From Peak to Peek


Though not within the purview of this particular study of water conflicts in Mexico, Long’s Peak rises in my backyard as a reminder of the juxtaposition of Nature’s majesty and the barren wasteland that lies at the end of her convoluted resource chain.

It is from this peak that the headwaters of the Colorado River flow, winding their way through Colorado, Utah, Nevada, Arizona and California, before crossing the cartographer’s line into Mexico.

En route, the Colorado is diverted, reverted, pumped, dumped, silted, salted and dammed, until it sludges onto formerly productive agricultural lands south of the border: “The Colorado, a river whose importance is absurdly disproportionate to its size, has the worst problem with salt of any American river.” [Marc Reisner in Cadillac Desert at 460.]

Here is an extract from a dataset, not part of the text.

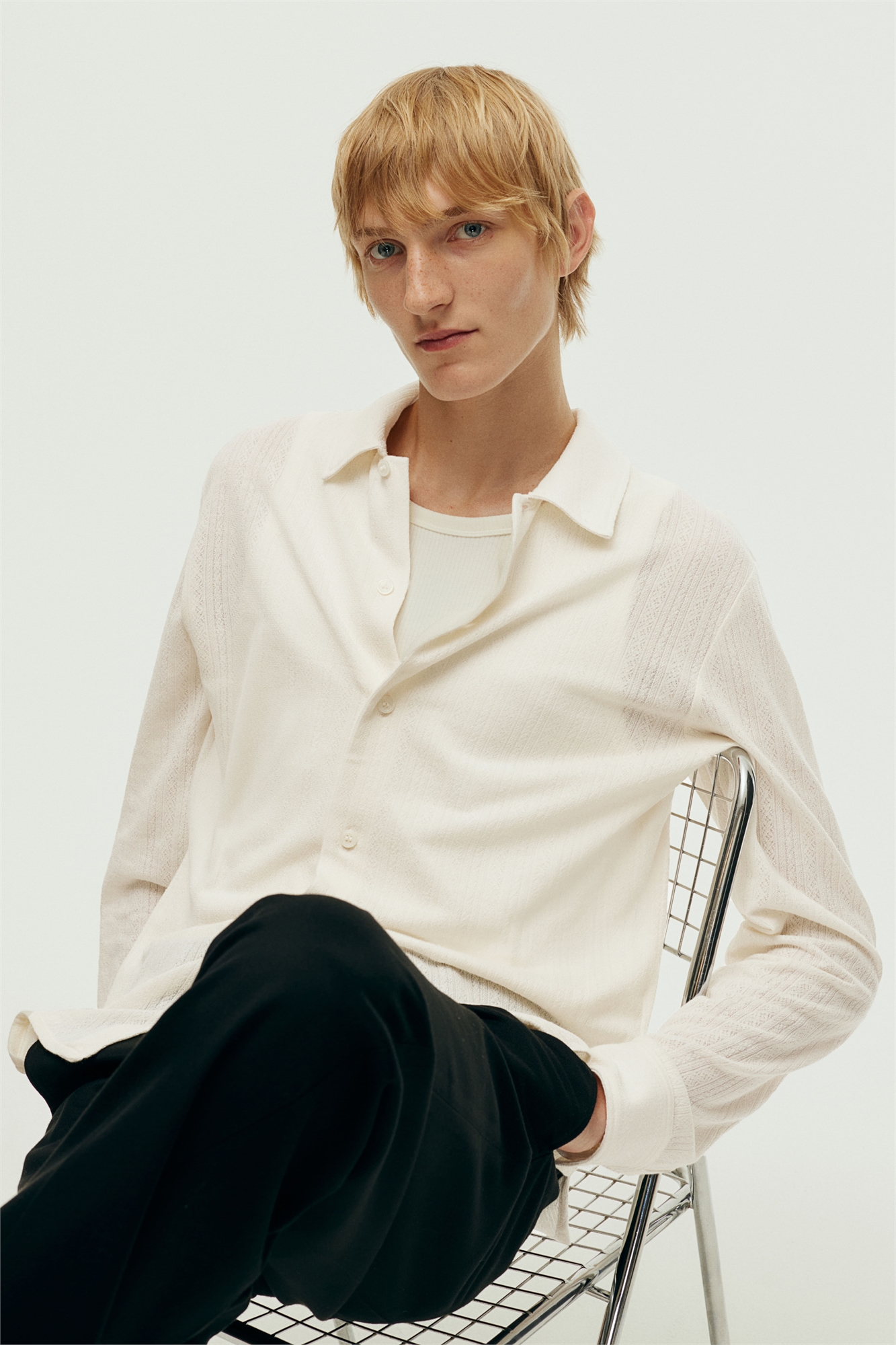 Рубашка из легкого кружевного трикотажа с отложным воротником и французским передом. Длинные рукава с манжетами на пуговицах и рукавной планкой с пуговицей. Регулярный крой для комфортной носки и классического силуэта.

Treaties and litigation appear to have had little long-term mitigating impact on a burgeoning resource allocation and preservation issue that pits power brokers against politicians, farmers against taxpayers, and peoples of states and countries against one another.

The views at either end of the Colorado River’s tortuous journey through time, furrows and canyons, could not be more diverse .   It will be interesting to see whether the conflicts that are carried downstream along this river and its tributaries bear any resemblance to those that we will encounter as we launch upon our own travels through time and space.